# Pic test



## jp61 (Feb 14, 2018)

I posted some pics yesterday.... everything worked fine but later on at some point they all vanished


----------



## jp61 (Feb 14, 2018)

Pics are still visible for now


----------



## cmayna (Feb 14, 2018)

Nope, can't see them.  All I see is  X


----------



## cmayna (Feb 14, 2018)

And a duplicate entry from me?    Mod's please delete this duplicate reply


----------



## jp61 (Feb 14, 2018)

cmayna said:


> Nope, can't see them.  All I see is  X



Thank you for the help. 

That's what I was seeing after they vanished yesterday. I just checked the thread I posted them in and now they're visible again. I still see these pics here, so it's strange that you can't see them.

Thanks again!


----------



## Co4ch D4ve (Feb 14, 2018)

I can not see the photos either.


----------



## jp61 (Feb 14, 2018)

Co4ch D4ve said:


> I can not see the photos either.



hmmm.....

Thank you


----------



## jp61 (Feb 14, 2018)

Could one of you guys check this thread for me see if they're showing there?

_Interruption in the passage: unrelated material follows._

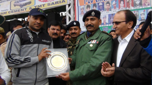 Memento being presented to International cricketer Joginder Sharma by SP Kathua, Mohan Lal during valedictory function. By Daily Excelsior - January 18, 2014 Share FacebookTwitterWhatsAppPinterestLinkedinCopy URLTelegramEmailTumblrReddItPrintKoo Memento being presented to International cricketer Joginder Sharma by SP Kathua, Mohan Lal during valedictory function. Memento being presented to International cricketer Joginder Sharma by SP Kathua, Mohan Lal during valedictory function. Follow our WhatsApp channel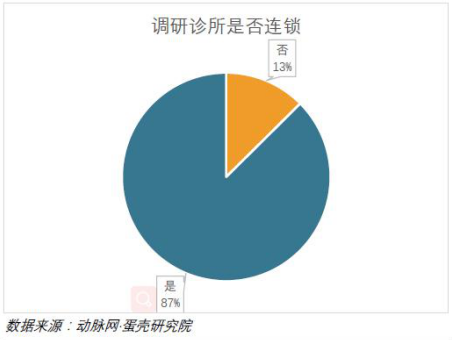 民营医疗机构,一定会往连锁化、规模化发展,才能降低成本、提高效率。中国的医疗市场中的连锁诊所、血透中心、第三方医学检验等医疗机构的连锁化、规模化都和美国市场有较大的差距。从我们的调研数据分析(图1-11、图1-12),新型诊所的连锁化率超过八成。不过,这个数据不是反映的整体诊所市场,而是以中高端新型连锁诊所为主的诊所市场。

https://www.smokingmeatforums.com/threads/hobbies-other-than-smoking-cooking.272744/


----------



## Co4ch D4ve (Feb 14, 2018)

I don’t see any of your photos in that thread either.


----------



## jp61 (Feb 14, 2018)

Co4ch D4ve said:


> I don’t see any of your photos in that thread either.



Thank you!

I'll just have to wait to hear from a staff member.


----------



## Co4ch D4ve (Feb 14, 2018)

So you can see the photos as you upload them and then they disappear?


----------



## jp61 (Feb 14, 2018)

Co4ch D4ve said:


> So you can see the photos as you upload them and then they disappear?



That's what happened yesterday. 
But, tonight they're back again. Don't know when or how they reappeared because I just looked little while ago.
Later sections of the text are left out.